Vielleicht ist das Problem an diesem Kurs auch, dass die einzelnen Programmieraufgaben nicht zusammenhängen. Hier möchte ich erneut den "Machine Learning"-Kurs hervorheben. Man entwickelt da z.B. eine Funktion zur Initialisierung von Gewichtsmatritzen und erhält die Dimensionsparameter dazu.

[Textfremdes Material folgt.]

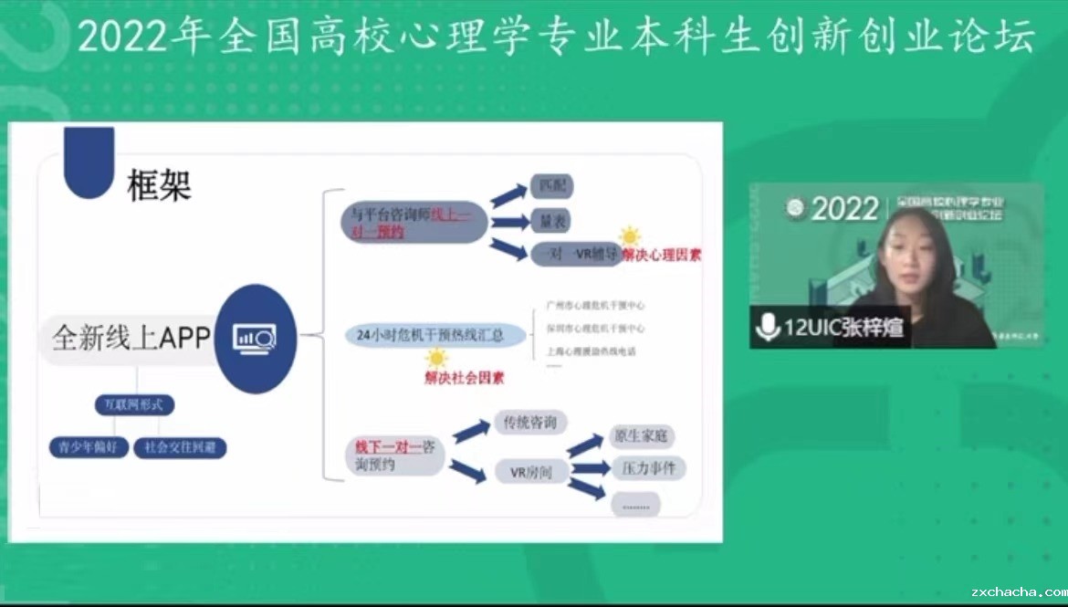 2022年8月26日,由教育部高等学校心理学类专业教学指导委员会主办,华东师范大学心理与认知科学学院、教育部心理学拔尖学生培养模式改革虚拟教研室共同承办的“全国高校心理学专业本科生创新创业论坛现场展示”在线上顺利举行,我校优米彩票app生命科学系应用心理学专业2020级的张梓煊、冯安桉、丘桐雨在邢琳娜老师的指导下凭借作品《虚拟现实结合互联网对青少年自伤行为的新型一对一心理干预方式》,荣获“现实问题解决分论坛”一等奖。

Wenn man da nicht aufpasst, und konkrete Werte statt eines zur Verfügung stehenden Parameters verwendet, funktioniert zwar der nächste Schritt; bei einer späteren Wiederverwendung mit einem grösseren neuronalen Netzwerk funktioniert dann aber plötzlich gar nichts mehr, und man startet wieder auf Feld 1. In diesem Sinne macht es der isolierte und triviale Kontext schon schwierig, hier Lösungsprinzipien zu finden.
Ich stelle fest, dass es kaum moeglich ist, pauschale Aussagen zum Stil zu machen. Das ist alles hochgradig abhaengig vom Kontext. Das ist ganz grundsaetzlich ein Abwaegen in einem komplexen System. Was ich im einen Projekt sehr hilfreich finde, kann ich im anderen Projekt auch katastrophal finden. Nur die anzustebenden Ziele (sowas wie Simplicity, Clarity und Generality) bleiben gleich.
Ich hoffe, diese Gedanken -- einfach mal wild in den Raum -- bringen dir etwas. Wir koennen uns gerne thematisch auch wieder auf Teilaspekte fokussieren, nachdem ich hier eher gross ausgeholt habe.
Ich sollte vielleicht besser mal "The Practice of Programming"
fertig durcharbeiten statt auf Coursera Videokurse zu machen.
Aber ich schlafe noch einmal über dieses Thema.